Much further along in the chipmaking process, at the point when all lithographic patterning has been finished, the IC manufacturer must face the problem of chip defects. Specks of dust, resist flaws, or other imperfections in the lithographic patterning can cause particular chip elements to be inoperable. For some chips, this is not an uncommon outcome. For example, a dynamic random-access memory (DRAM) chip having many millions of memory elements may wind up having more than one nonfunctioning element.

Makers of DRAMs have sidestepped this problem by designing extra rows, columns, or blocks of memory elements into their chips. They also include a decoder circuit on the chip containing links that can be severed to reprogram the circuit. This reprogramming not only deactivates the nonfunctioning memory elements, but also activates additional functional memory elements, thus repairing the chip. The links are typically severed using pulses of focused near-infrared light emitted by solid-state lasers.

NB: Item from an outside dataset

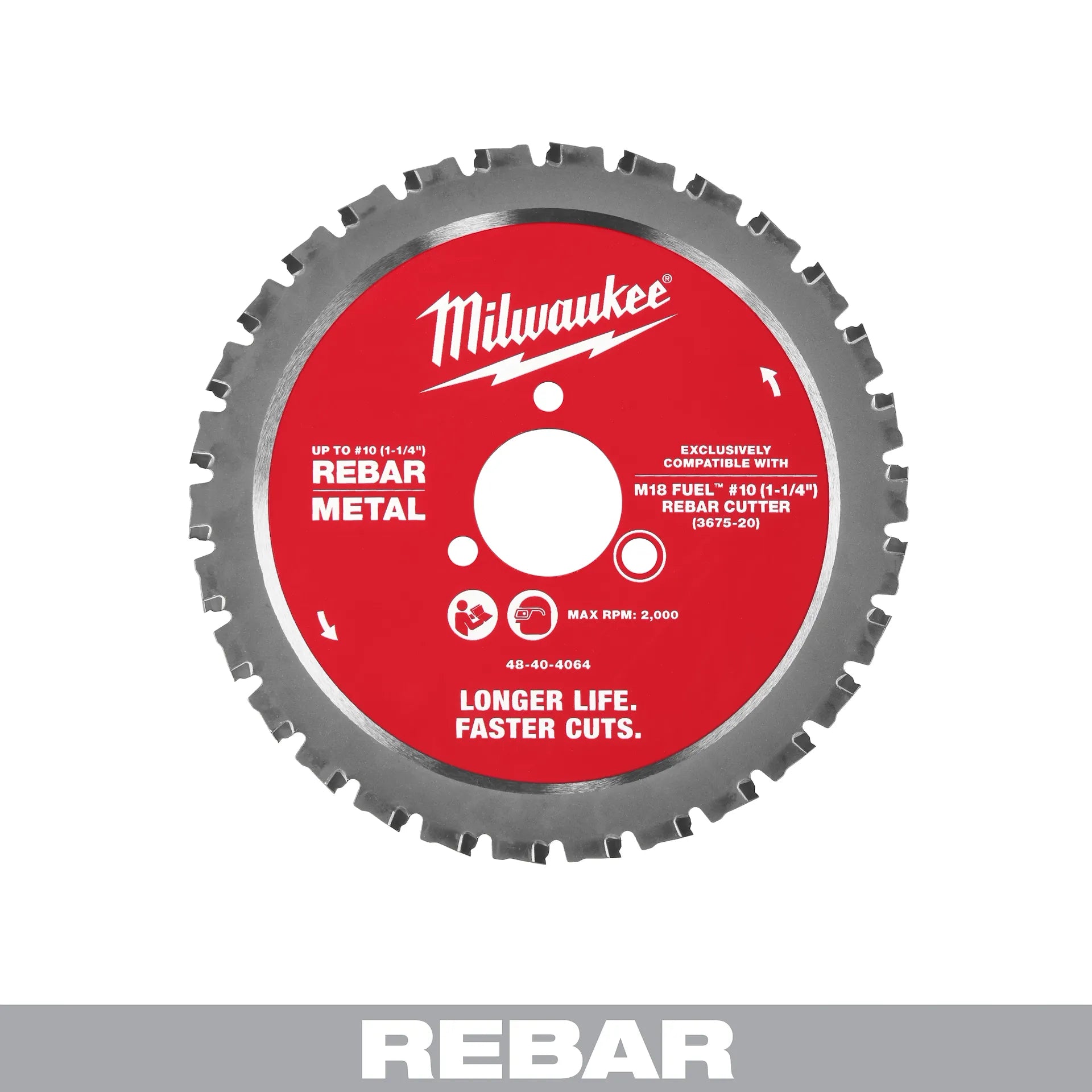 The #10 (1-1/4") Rebar Cutting Blade provides longer life and faster cuts in rebar. The cermet-tipped carbide teeth offer increased durability and cold cuts with fewer sparks than abrasives. This rebar cutting blade, when paired with the exclusively compatible M18™ FUEL™ #10 (1-1/4”) Rebar Cutter, cuts up to #10 rebar. The blade cuts through rebar, threaded rod, and black iron pipe, and is available in 1, 5, and 10 packs. Max RPM is 2,000.

Historically, such links were made of poly-Si and were severed by Nd:YAG lasers emitting at 1.064 µm. Software models developed to model the interaction of laser light with poly-Si produced results that at least partially matched with reality. But memory chips grew in size, and the techniques used to manufacture DRAMs of 64-Mbit capacity and larger required a change in link material from poly-Si to metal, a material not well-suited for processing with 1.064-µm light. The existing software models could give no guidance on how to improve the process, according to Ed Swenson, vice president of research and development at Electro Scientific Industries Inc. (ESI; Portland, OR), a maker of laser-based link-processing equipment. As a result, ESI scientists had to develop their own model.

The structure around a link consists of an upper transparent dielectric layer, the link itself, a lower transparent dielectric layer, and the Si substrate. The dielectrics can be single- or multilayer. The link is typically 0.8-2 µm wide and 0.5-1.5 µm thick, with a pitch dimension of 2.5-5 µm. The focused laser spot must be sized to sever a single link without damaging those on either side. Below a certain threshold energy, the laser pulse will not cut the link; above another higher threshold energy, the pulse will not only sever the link, but will also cause damage to the Si substrate, as well as other adverse effects. One result of a good software model is the accurate determination of these two thresholds and thus the safe operating window.

The model developed at ESI aids its users in three ways. First, it calculates the optimum thickness of the dielectric layers. Due to optical interference, the portion of light absorbed by the link in certain link structures can vary by a factor of two as a function of upper dielectric thickness and by more than a factor of four as a function of lower dielectric thickness; the intent of the optimization is to maximize the portion of light absorbed by the link and minimize the portion absorbed by the Si substrate. Second, the model provides thermal and stress analysis of the link and surroundings as it is severed by the laser pulse. Finally, it offers a way to optimize laser parameters.

Wavelength effects come to the fore

Optimizing laser parameters became very important to ESI, according to Yunlong Sun, senior scientist and the developer of the new software model. When laser wavelength was varied, the model predicted that the use of wavelengths near 1.3 µm could raise the silicon damage threshold by a factor of two and higher, depending on the details of structure (which include dopant levels in the Si substrate). The cause of this increase was shown to be the much-higher optical transmission of Si at wavelengths longer than 1.2 µm, a result of the material's bandgap structure. The model also predicted that switching to 1.3-µm light would have little effect on the processing of the link itself, as the light absorption of most metals does not vary much in the 1-2-µm range.